Abstract P427: Inhibition of the Regulator of G Protein Signaling 14, a Novel Anti-Hypertensive Mechanism

Abstract

The Regulator of G Protein Signaling 14 (RGS14) knockout (KO) mouse is unique in that it not only extends longevity, but also enhances several aspects of healthful aging. The RGS14 KO mouse, compared with wild type (WT), is protected against obesity and diabetes, and has increased exercise capacity, similar to levels achieved with chronic exercise training, all potentially important anti-hypertensive mechanisms. The goal of this investigation was to test more directly that the RGS14 KO mouse is protected against hypertension. Accordingly, we chronically infused angiotensin II (1.44 mg/kg/day) by implanted osmotic pump for 14 days. Stroke volume was measured by cardiac echocardiography. Cardiac output was calculated as the product of stroke volume and heart rate. Heart rates were not different in WT and RGS14 KO prior to angiotensin II infusion or after infusion (425±11 beats/min in WT vs. 420±13 beats/min in KO).
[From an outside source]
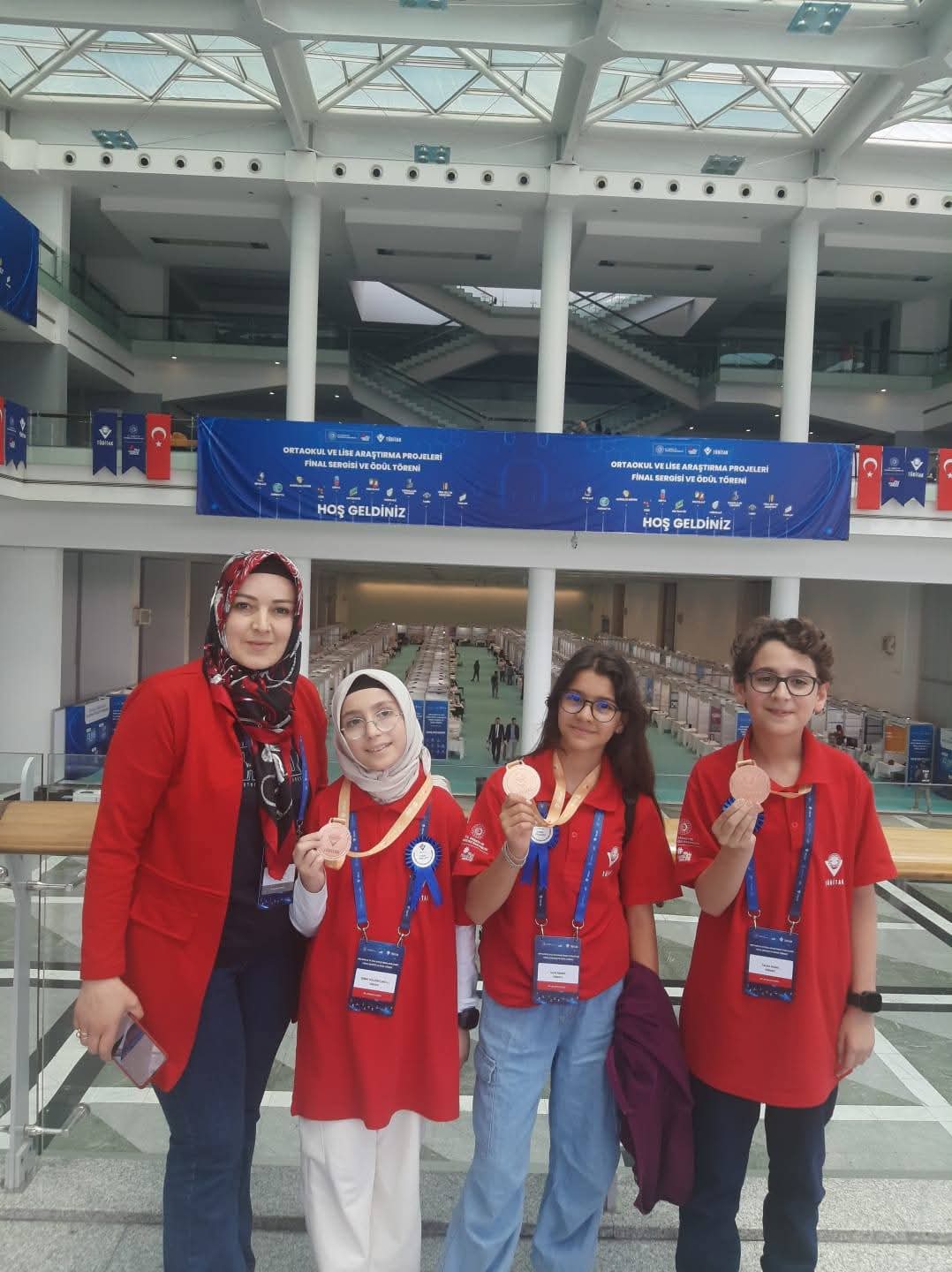 TÜBİTAK Bilim İnsanı Destek Programları Başkanlığı (BİDEB) tarafından ortaokul öğrenimine devam etmekte olan öğrencileri; temel, sosyal ve uygulamalı bilim alanlarında çalışmalar yapmaya teşvik etmek, çalışmalarını yönlendirmek ve mevcut bilimsel çalışmalarının gelişimine katkı sağlamak amacıyla düzenlenen 2204-B Ortaokul Öğrencileri Araştırma Projeleri yarışmasına ilimizden Nevşehir Halil İncekara Bilim ve Sanat Merkezi öğrenci ve danışman öğretmeni katıldı. Yarışma 25-28 Mayıs 2025 tarihleri arasında Ankara’da düzenlendi. Yarışmada öğrencilerimiz Talha Başal, Ilgın Özmen, Ümmü Gülsüm Çakıllı’nın öğretmenimiz Ayşe Kayaalp danışmanlığında hazırlamış oldukları Tarih Alanında ‘Nevşehir Geleneksel Oyunları: Kültürel Miras ve Tasarım Tesciliyle Geleceğe Taşıma’ adlı projeleriyle Türkiye 3.sü oldu.

Prior to angiotensin II baseline values for mean arterial pressure were similar in WT (84±3 mmHg) and RGS14 KO (79±2 mmHg) and baseline values for systemic vascular resistance, calculated as mean arterial pressure/cardiac output, were also similar in WT (3.7±0.1 mmHg/mL/min) and RGS14 KO (2.2±0.2 mmHg/mL/min) before angiotensin II infusion. As expected, the angiotensin infusion for 14 days increased mean arterial pressure by 69±8 % and systemic vascular resistance by 43±9 % in WT. Surprisingly, angiotensin II failed to increase either mean arterial blood pressure or systemic vascular resistance significantly in RGS14 KO mice. Thus the increases in arterial pressure and vasoconstriction, pathognomonic of angiotensin II, were completely blocked in the RGS14 KO mouse, implicating this mechanism as a potential novel therapeutic modality for treating hypertension.